» **Requirement**:
Write the listing below out again in full, dropping its pictures.

» **Collected data**:
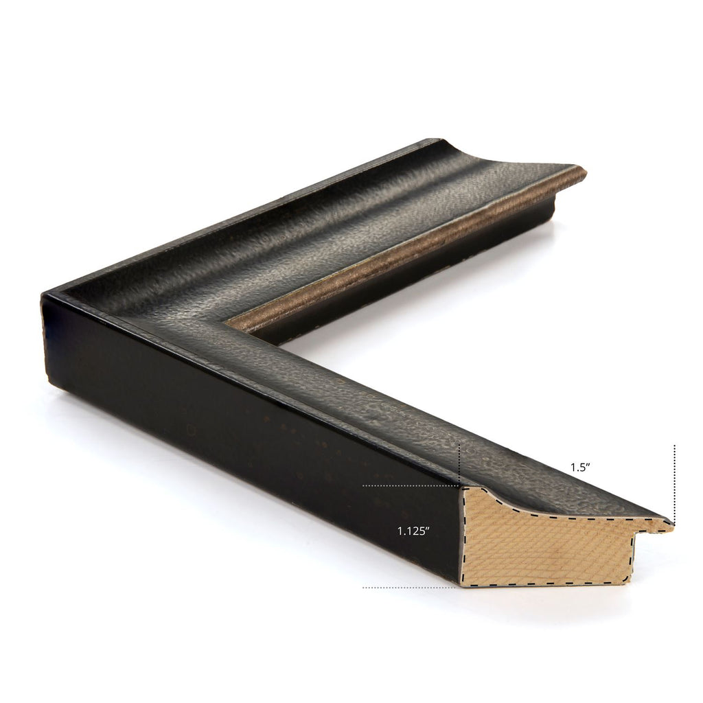 Framed in a distressed, classic black profile with silver inner lip.
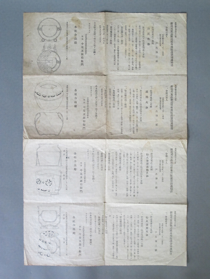 高岡銅器「新規考案品製造権専用保護登録通知書」
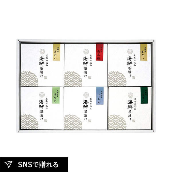 | 長崎県産まだい水煮×2、北海道産ほたて水煮・北海道産にしん甘露煮・紀州南高梅・沖縄県産もずく×各1、だしつゆ・茶漬け薬味×各6 |

» **Final answer**:
 Framed in a distressed, classic black profile with silver inner lip.
 高岡銅器「新規考案品製造権専用保護登録通知書」
 | 長崎県産まだい水煮×2、北海道産ほたて水煮・北海道産にしん甘露煮・紀州南高梅・沖縄県産もずく×各1、だしつゆ・茶漬け薬味×各6 |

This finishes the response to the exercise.